The American pika (Ochotona princeps) is an insanely cute critter often found in above-timberline rock fields in the western U.S.
Because they often live near mountain peaks, there’s been concern that global warming could push them over the top, to extinction. Writing in the Journal of Mammalogy, Smith and Nagy (2015) state that American pikas (Ochotona princeps) “have been characterized as an indicator species for the effects of global warming on animal populations,” citing the works of Smith et al. (2004), Beever and Wilkening (2011) and Ray et al. (2012). Indeed, as they continue, “a consideration of the effects of climate, primarily recent warming trends due to climate change, has dominated much of the recent literature on American pikas and their persistence.” Hoping to provide some additional insight on the subject, the two Arizona State University researchers set out to investigate the resilience of a pika metapopulation residing near Bodie, California, USA, that was exposed to several decades of natural warming.
The investigation, which Smith and Nagy characterized as “the longest study of any pika species,” focused on the Bodie metapopulation for two primary reasons. First, it is “situated at the warmest locality of any longitudinal study of the American pika.” As such, its area of habitat is comparatively warm and fully capable of inducing warm temperature stress. Second, the population has been well-studied, having been censused (for patch occupancy data) several times since the early 1970s. Given these two characteristics of the Bodie metapopulation (location and well-studied) the two researchers were able to test for a relationship between pika extinctions/recolonizations and chronic/acute temperature warming. So what did their analysis reveal?
With respect to chronic temperature warming, Smith and Nagy report that despite a relatively high rate of patch (islands of pika-suitable habitat) turnover across the study location, there was “a near balance” of pika patch extinctions and recolonizations during the past four decades of intense data collection (see figure below).

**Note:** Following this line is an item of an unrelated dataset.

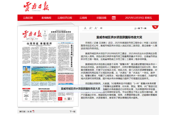 - 《云南日?qǐng)?bào)》頭版:宣威市城區(qū)供水項(xiàng)目獲國(guó)際市政大獎(jiǎng)
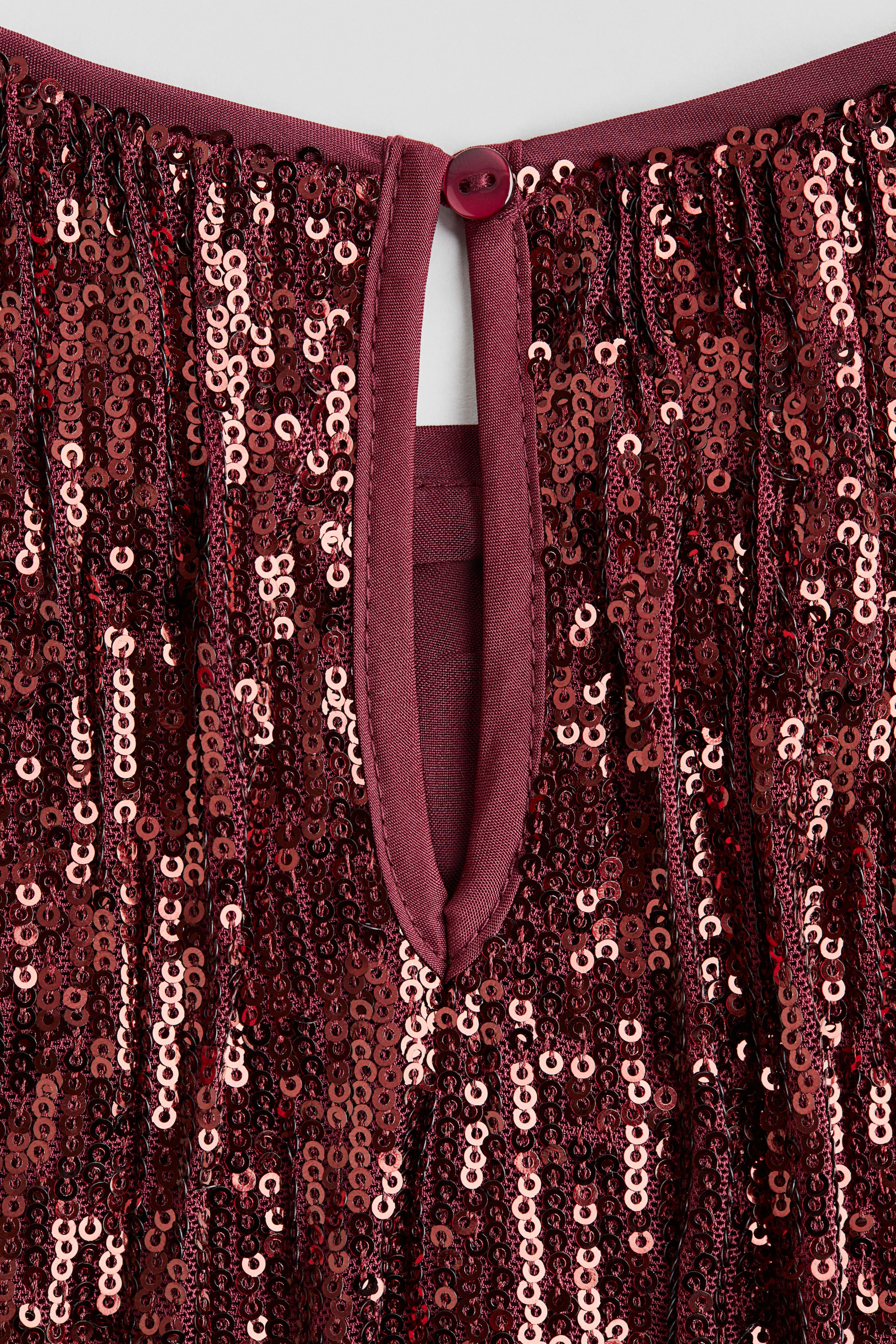 亮片網紗洋裝,圓領有抓褶,短袖款式,背面鎖眼開口配單顆鈕扣。領口、袖口和裙襬有飾邊。有內裡。

Furthermore, a series of statistical analyses that were performed on the patch turnover and historic temperature data revealed there was “no evidence that warming temperatures have directly and negatively affected pika persistence at Bodie.” In fact, the only significant correlation they found among these two parameters occurred between mean maximum August temperature and the number of pika recolonizations the following year, which correlation was positive, indicating that higher August temperatures lead to a greater rate of pika recolonization the next year, a result which the authors describe as “in the opposite direction of the expectation that climate stress inhibits recolonizations.”
Two decades of patch extinctions and recolonizations in a Bodie, California, American pika (Ochotona princeps) metapopulation. Source: Smith and Nagy (2015).
With respect to acute temperature warming, defined as the number of hot summer days exceeding a temperature threshold of 25°C or 28°C, Smith and Nagy write that “neither warm chronic nor acute temperatures increased the frequency of extinctions of populations on patches, and relatively cooler chronic or acute temperatures did not lead to an increase in the frequency of recolonization events.”
Taken together, the above findings demonstrate that the Bodie metapopulation of American pikas is “resilient at the individual (Smith, 1974) and population scales” to both chronic and acute temperature warming, and has “been so for at least 60 years.” And, as an “indicator species” for the effects of global warming on animal populations, the future for American pikas and other animal species looks bright!
References
Beever, E.A. and Wilkening, J.L. 2011. Playing by new rules: altered climates are affecting some pikas dramatically — and rapidly. The Wildlife Professional 5: 38–41.
Ray, C., Beever, E. and Loarie, S. 2012. Retreat of the American pika: up the mountain or into the void? Pp. 245–270 in Wildlife conservation in a changing climate (J.F. Brodie, E. Post, and D.F. Doak, eds.). University of Chicago Press, Chicago, Illinois.
Smith, A.T. 1974. The distribution and dispersal of pikas: influences of behavior and climate. Ecology 55: 1368–1376.
Smith, A.T., Li, W. and Hik, D. 2004. Pikas as harbingers of global warming. Species 41: 4–5.
Smith, A.T. and Nagy, J.D. 2015. Population resilience in an American pika (Ochotona princeps) metapopulation. Journal of Mammalogy 96: 394–404.